De pronto ya no es el bebé vulnerable que nos necesita para absolutamente todo, cada día se vuelve más independiente y quiere esa libertad que le proporciona el poder elegir. Y nuestra tarea como padres es permitirle crecer, permitirle explorar, permitirle ser e intentar intervenir lo menos posible en su desarrollo natural.

¡Qué difícil es recordar que estamos aquí para ser guías! Que nuestra tarea es ayudarlo a crecer en un entorno lleno de amor, sí con límites claros pero respetando que es una persona independiente, que aunque ganas no nos faltan, no podemos tomar todas las decisiones por ellos.
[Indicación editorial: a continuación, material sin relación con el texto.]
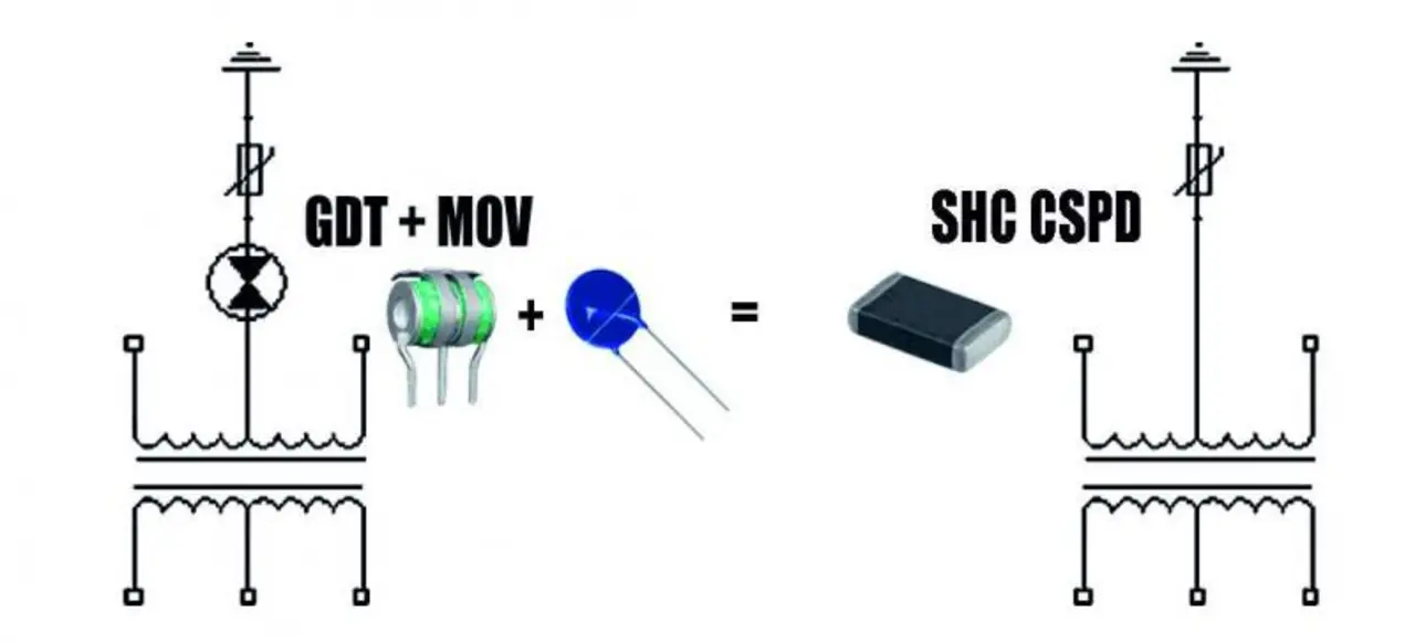 Im Vergleich mit bestehenden Schutzbauelementen mit gleichen Strom- und Energieanforderungen sind die CSPDs standardmäßig nicht bedrahtet, sondern für die Oberflächenmontage (SMT) konzipiert. Sie weisen zudem eine wesentlich kleinere Baugröße auf - dies spart zusätzliche Fertigungsschritte für die Bestückung bedrahteter Bauelemente und Platz auf der Platine. In einigen Fällen lassen sich sogar GDT- und MOV-Kombinationen durch ein einziges CSPD ersetzen (Bild 6). Hierdurch wird zusätzlicher Platz auf der Leiterplatte frei, und die Bestückungskosten sinken durch Einsparung von Bauelementen.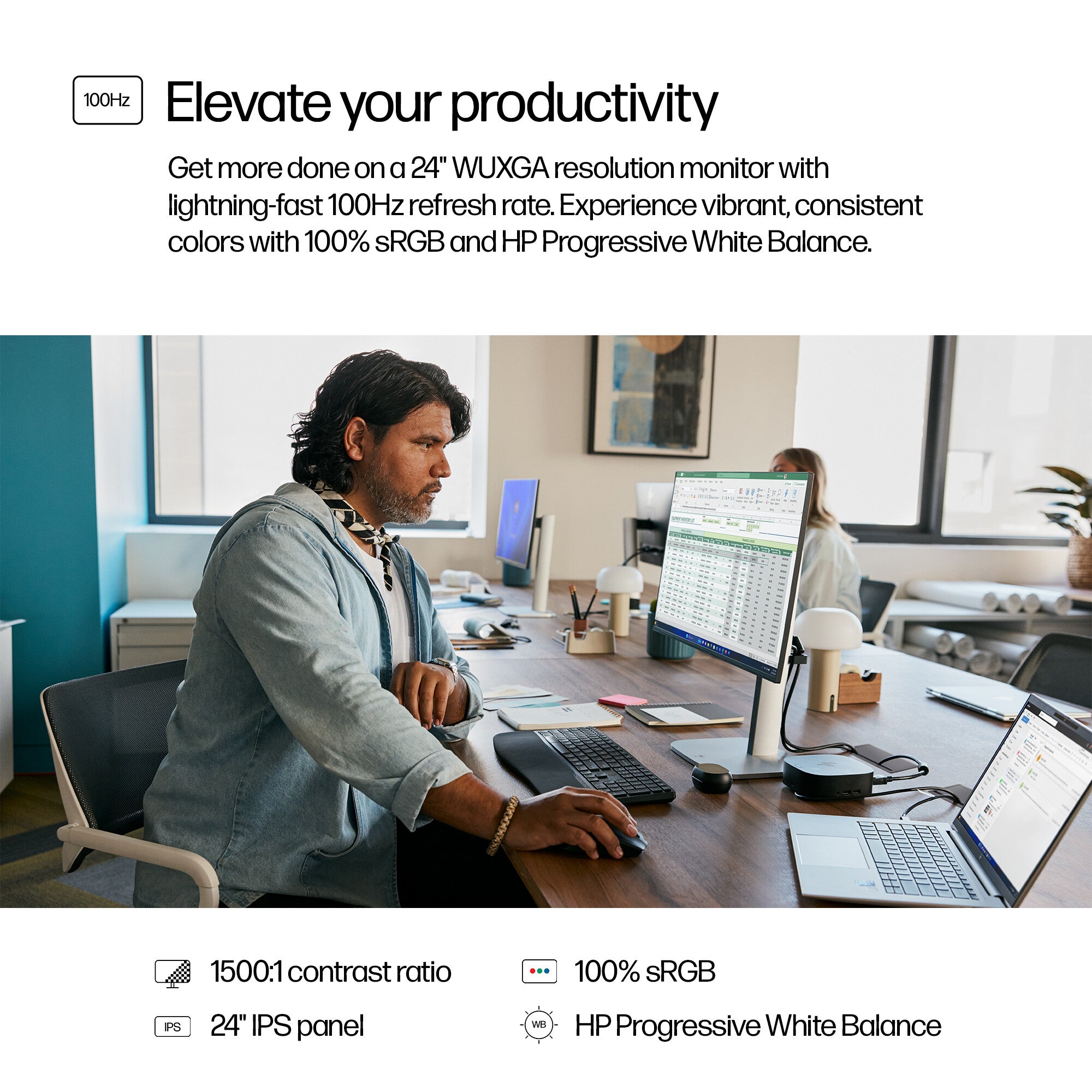 • Get more done on this 24" WUXGA resolution monitor with 100 Hz refresh rate.[1] Experience vibrant, consistent colors with 100% sRGB[1] and HP Progressive White Balance.[2]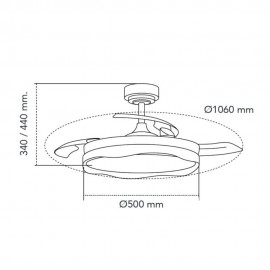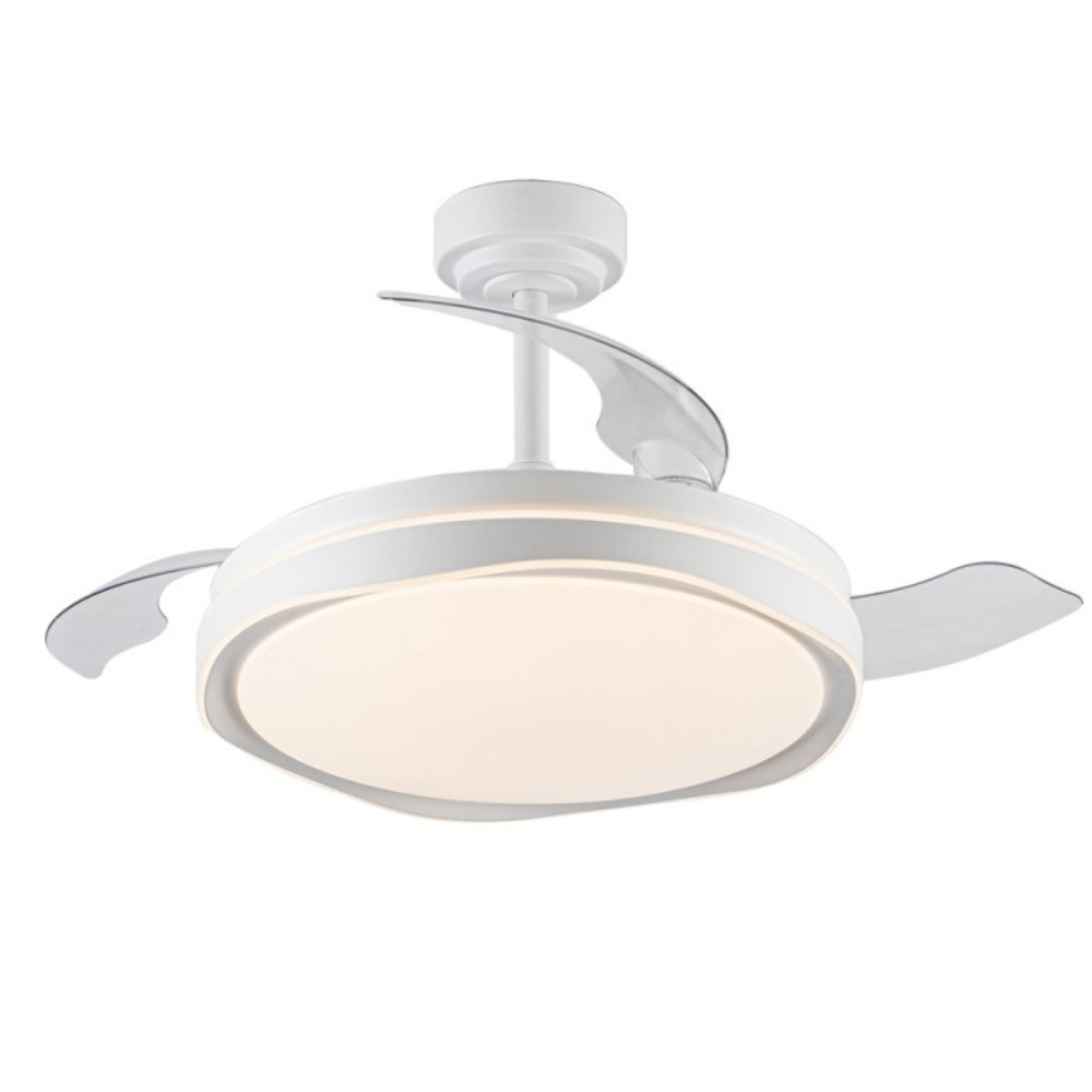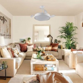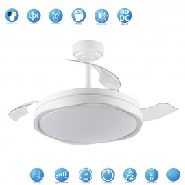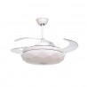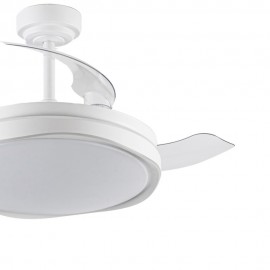 Vent de la série RIZOS en métal, avec aspes polycarbonate et diffuseur acrylique, en couleur blanche, avec trois lames déroulantes. Moteur DC, six vitesses.

Un día sin duda estaremos orgullosas de ellos y de nosotras por todo el camino recorrido, muy probablemente ese día nos daremos cuenta de que ellos nos han traído muchas más enseñanzas a nuestras vidas que las que nosotros les hemos dado. Y mientras tanto no nos queda de otra más que seguir acumulando experiencias, guardarlas en el corazón y en nuestra memoria y besarlos a cada instante que nos lo permitan, porque hasta eso cambiará y un día no muy lejano dirán “¡Mamá, no!” y solo podremos robarles unos pocos besos cada día.